Source : -- () Date : 17-04-2026 -- N°: 105 -- Lu : 2249 fois --

L'Iran a escorté un général pakistanais avec deux avions de chasse pour montrer que son armée de l'air existe toujours et que son armée tient l'ennemi à distance.

Le 15 avril 2026, le monde a vu une image qui a tout changé. Le général Asim Munir, chef de l'armée pakistanaise, est arrivé à Téhéran pour une visite diplomatique importante. Dans le ciel de la capitale iranienne, deux chasseurs iraniens, un F-4 Phantom et un MiG-29, ont pris place aux côtés de son avion pour l'escorter jusqu'à l'aéroport.


Le général de division Amir Hatami, commandant en chef de l'armée iranienne, a alors expliqué ce qui s'était passé. Le Pakistan voulait envoyer ses propres avions pour escorter leur général. L'Iran a refusé poliment et a dit : "Vos avions ne sont pas nécessaires." Puis l'Iran a envoyé deux avions pour faire le travail, soit le double de ce que le Pakistan avait prévu.

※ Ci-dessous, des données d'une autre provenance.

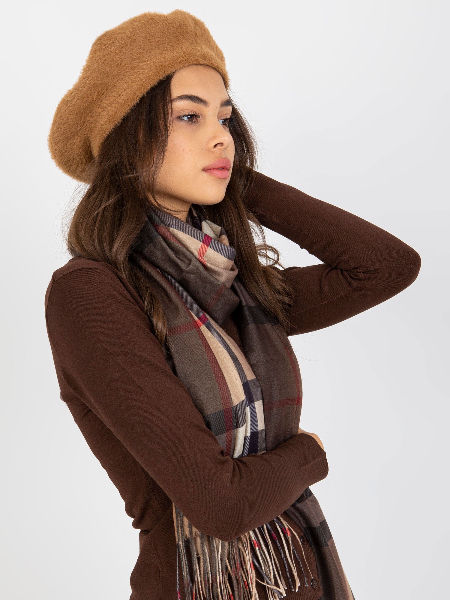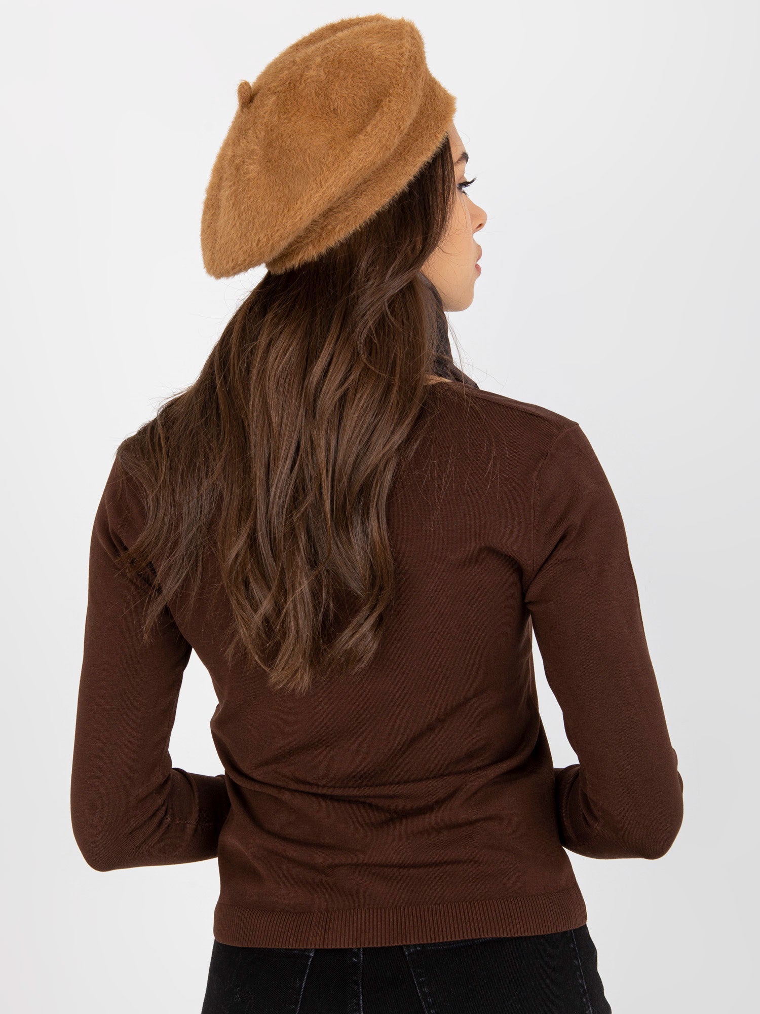 Camelowa damska czapka zimowa beret .

Pourquoi est-ce important ? Parce que certains pays, comme les États-Unis, prétendaient que l'armée de l'air iranienne avait complètement disparu, qu'elle était en ruines. Le président américain Donald Trump avait affirmé que la marine iranienne avait été détruite. Les images du ciel de Téhéran ont prouvé le contraire, devant le monde entier.


Le général Hatami a répondu clairement à ces mensonges. Il a dit : "Ils disent que l'armée de l'air iranienne a disparu. Hier, nous avons eu un invité. Dès qu'il est entré dans notre espace aérien, nous avons escorté notre invité avec le double du nombre d'avions qu'ils voulaient ramener pour l'escorter."


Cette démonstration de force n'était pas un hasard. Le F-4 Phantom utilisé pour cette mission est un avion américain acheté par l'ancien régime du Shah avant la révolution de 1979. Aujourd'hui, cet avion vole au service de l'Iran islamique et sert à défier Washington dans son propre ciel. C'est une réponse cinglante à ceux qui pensaient que l'Iran était à terre.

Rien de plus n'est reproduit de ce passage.